The Sort of Person Who Becomes an Analyst?

Posted July 4, 2017 1:29 am by Steve Roney

The Sort of Person Who Becomes an Analyst?
Ernest Jones

My friend, who believes in psychoanalysis, volunteers some troubling examples of local psychiatrists who have gone wrong:

Dr. Ernest Jones, once head of psychiatry for the Toronto Asylum, and Freud’s chief Anglophone disciple: Wikipedia notes that, earlier, in London,

In 1906 he was arrested and charged with two counts of indecent assault on two adolescent girls whom he had interviewed in his capacity as an inspector of schools for “mentally defective” children. At the court hearing Jones maintained his innocence, claiming the girls were fantasising about any inappropriate actions by him.

A second charge of sexual impropritey towards a minor patient under his control, according to my friend, is why he emigrated to the colonies.

But all did not turn out well here either.

… In May 1913, … Ernest Jones was asked by the U of T president to resign. Jones had been recently accused of sexual impropriety by one of his patients…

Never convicted of anything, to be fair.
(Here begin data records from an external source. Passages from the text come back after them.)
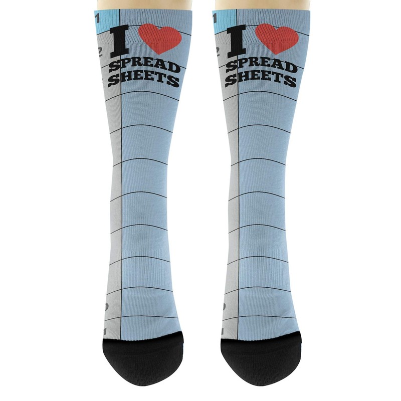 Accounting Socks I Love Spreadsheets 1-Pair Novelty Crew Socks
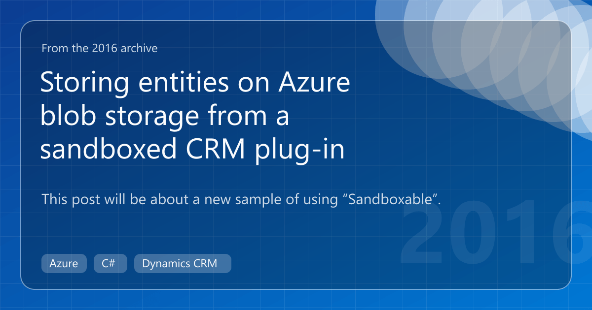 By utilizing the Sandboxable Azure SDK, we only needed a few lines of code to store deleted CRM records in Azure blob storage, making a remote archive a piece of cake.
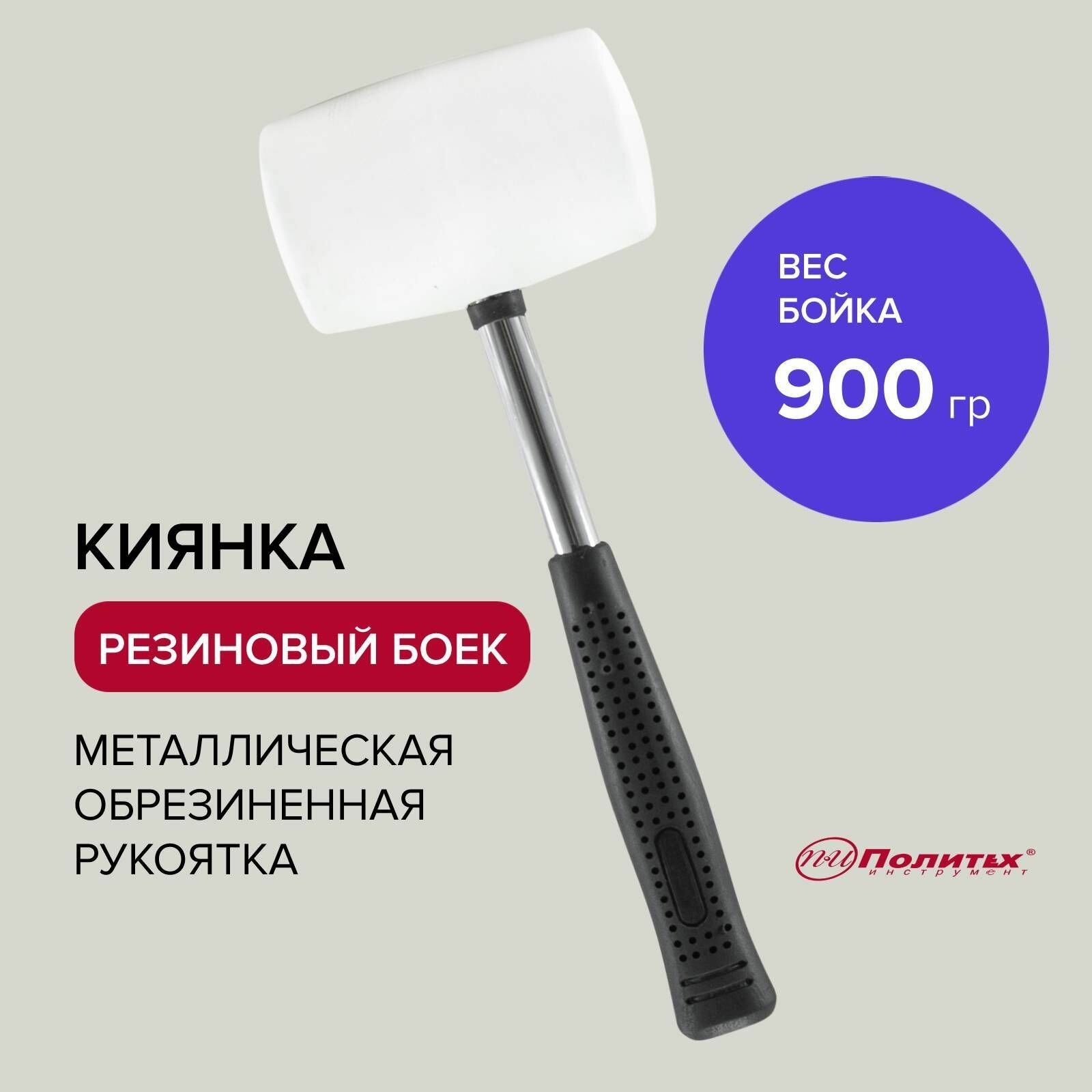 Киянка Политех Инструмент 450 гр белая, металлическая обрезиненная рукоятка
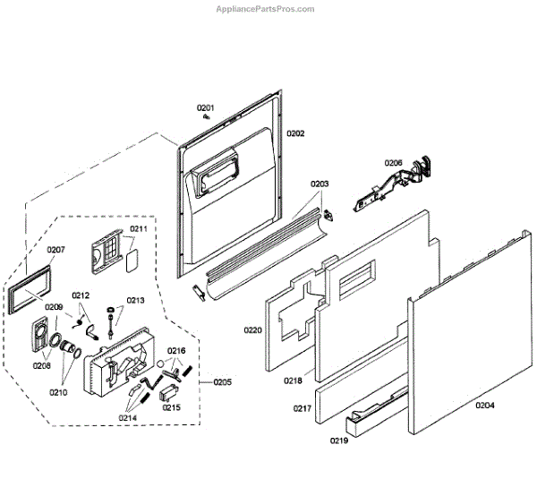 • Forms the interior surface of the dishwasher door and helps contain water during cycles
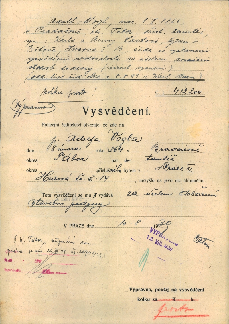 National archives Prague > Police Directorate Prague > 1931-1940 > V > Vogel Adolf
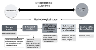 Fig. 1 shows the graphical representation of the methodological steps to be followed to calculate the carbon footprint, with their respective criteria as proposed by the GHG Protocol and ISO 14064-1:2006.
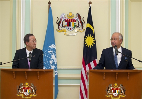 Lors d'une conférence de presse commune avec le Premier ministre Mohd Najib ibn Tun Haji Abdul Razak, le secrétaire général de l'ONU a salué les efforts de la Malaisie pour préserver l'unité nationale tout en respectant la diversité de la population.
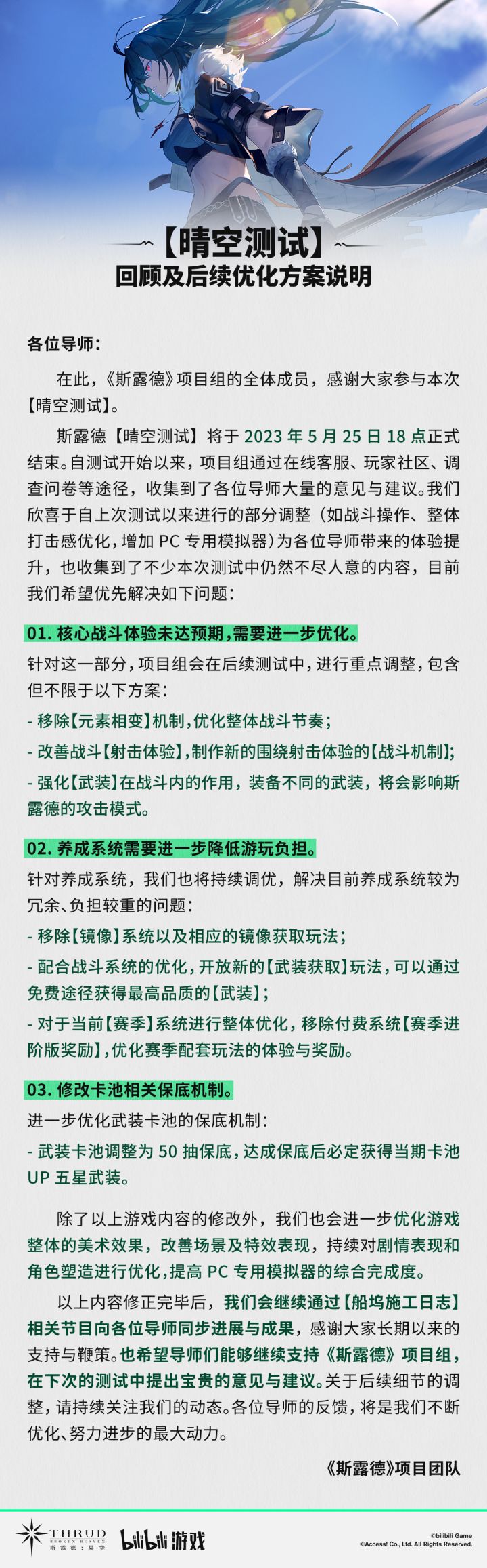 「晴空测试」即将结束,非常感谢各位导师对本次测试的关注与支持,谢谢大家愿意付出宝贵的时间,将目光停留在我们《斯露德》身上,并积极给予我们反馈。在此,斯露德项目组全体成员,再次对导师们献上真挚的感谢。测试期间,项目组收到了许多来自导师的建议,我们都进行了记录思考,并围绕问题进行了多次内部讨论,就各位导师对「晴空测试」期间的反馈,我们想先简单与大家分享一下《斯露德》后续预计的优化调整方向。感谢您的

But this was the founder of psychoanalysis in the English-speaking world.

Being close to the psychiatric world in Toronto, my friend is aware of other incidents of the sort.

And then in 1992, Alan Parkin, who introduced psychoanalysis to Toronto in the 1950s and identified with Ernest Jones’ pioneering spirit, was stripped of his medical license for sexually seducing several of his female patients.

in 1986, the son of Lea Hindley-Smith, the founder of Therafields, a local psychiatric experiment in community living, was jailed for the sexual abuse of two teenaged girls in an alternative school that catered to the children of members of Therafields.

In 2009, Samuel Malcolmson, the former clinical director of the Queen Street Mental Health Centre (formerly the Toronto Asylum, now CAMH), was convicted of the sexual abuse of a patient.

Hmm… there seems to be a pattern, doesn’t there?

Has anyone done a study? These are pretty prominent cases. What percentage of working psychiatrists are actually caught molesting or taking sexual advantage of their patients? “Psychiatrists who molested patients” gets over a million hits on Google.

It stands to reason. By the nature of the job, the psychiatric profession is going to attract bullies, abusers, and manipulators. The patient is utterly vulnerable, completely under their control, pre-screened as a trained victim. If they complain, hell, who’s going to believe them? Their parents have already betrayed them. That’s why they’re suffering PTSD. And they’re mad, aren’t they?

Accordingly, going to a psychotherapist is frightfully likely to be the worst thing possible for anyone who has already experienced systematic abuse in their childhood. Which is to say, for anyone likely to be going to a therapist.

Granted, not all psychotherapists will be bullies, manipulators, or abusers. Some will just be naive and perhaps a bit thick. But it will be the classic type.

You will say, of course, gentle reader, that Catholic priests have commonly been found doing the same thing, fingering the merchandise. Yes, but mostly in the press and in the lynch mob: surveys show that such behaviour is no more common among Catholic priests than among clergy of other denominations, and, if I recall correctly, less than among the general public. It is just that it is shocking when it comes from a priest: man bites dog.

And, other then the likelihood that people will consider them above suspicion, there is really nothing in the work of a priest that makes the job of any special value to bullies, pedophiles or psychopaths.

You don’t get to order anybody around. You don’t get to be alone for extended periods with anyone vulnerable. You are under obedience, not left unsupervised. Even the construction of the Catholic confessional ensures a certain formality, anonymity, and no physical contact.

Not so for analysts.

Why don’t we hear about it more?  Psychiatrists have a lot more money and social standing than priests. This probably protects the profession from greater scrutiny.

But hell will be paid.

“Transference” sounds to me like an alibi. The transference is the analysis; or rather, the counter-transference is the analysis. The transference is really a counter-counter-transference. And it predictably makes everything worse.

Ernest Jones described himself, according to my friend, as “opinionated, tactless, conceited and inconsiderate.”

This is the character type I would expect to become an analyst: someone inordinately full of him or herself. The fact that Jones says it himself perhaps makes it less likely to be true, and is to his credit, but those last two characteristics are obviously sinister in this context.

It takes a lot of investment in yourself to become a medical doctor, and then a psychiatrist. The social prestige of the M.D. is huge. You make a lot of money doing it. You get to act God-like towards your patients; your innate superiority is assumed as the basis of the analysis. You get to probe into their most intimate thoughts.

It is all pretty much perfectly tailored to ensure that analysts will be Laius types, self-centred, the very sort who, as parents, abuse their children.

Now they get to abuse patients full-time in the same way.

And the patients are probably dead right to see their parent’s characteristic behaviours and attitudes in the psychiatrist. As, reputedly, they invariably do.